Olympian Tori Bowie (1990-2023)

 

9. Of the handful of Canadian NBA players, Jamaican-Canadian Jamal Murray is definitely a star on the rise. In 2023, he and his Denver Nuggets teammates, including Nikola Jokic (reigning NBA Finals MVP), netted their first NBA championship when they defeated the Miami Heat. But the path to the championship was not a cakewalk. They first had to dispense with the Minnesota Timberwolves, Phoenix Suns, and none other than record-setting, legend LeBron James’ Los Angeles Lakers. But Murray and teammates were more than equipped for the job when they powered through the potentially seven-game finals in just five. At only twenty-six years old, this Kitchener-born, versatile shooter is on his way up. We think he’s got a few more rings and some all-star games in his future.

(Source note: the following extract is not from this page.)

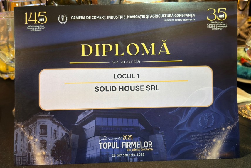 FOTO Solid House, desemnată lider în construcții! A obținut Locul 1 în Topul Firmelor din Județul Constanța 2025
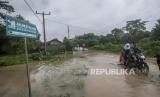 Pengendara roda empat menerobos banjir di Desa Idaman, Pandeglang, Banten, Rabu (28/12/2022). Pada hari keempat bencana banjir yang terjadi di daerah tersebut, sejumlah akses jalan menuju daerah terisolir banjir mulai bisa dilintasi oleh kendaraan roda empat maupun roda dua dengan menggunakan rakit. (FOTO : ANTARA FOTO/Muhammad Bagus Khoirunas)

Jamal Murray celebrates with the Larry O’Brien Championship Trophy

 

10. When our fearless leader, Charmaine A. Nelson, first launched Black Maple Magazine last year in December 2022, we knew it was something to write home about! But now, over ten Scholar’s Couch interviews, twenty Self-Care Circle entries, and fifty Pop List articles later, we certainly have something to celebrate! As one of the only black-owned, black-Canada focused publications, and one of the few Canadian platforms – period – bridging the academic and the popular, we know our out-of-the-box approach is contributing something timely, lively, unique, and inspirational to the media landscape. So, here’s to Black Maple Magazine on its first birthday! Thank you for reading, exploring, and growing with us. We look forward to delivering more vibrant, uplifting, funny, and thought-provoking content in 2024. Happy New Year!

 

Black Maple Magazine turns one!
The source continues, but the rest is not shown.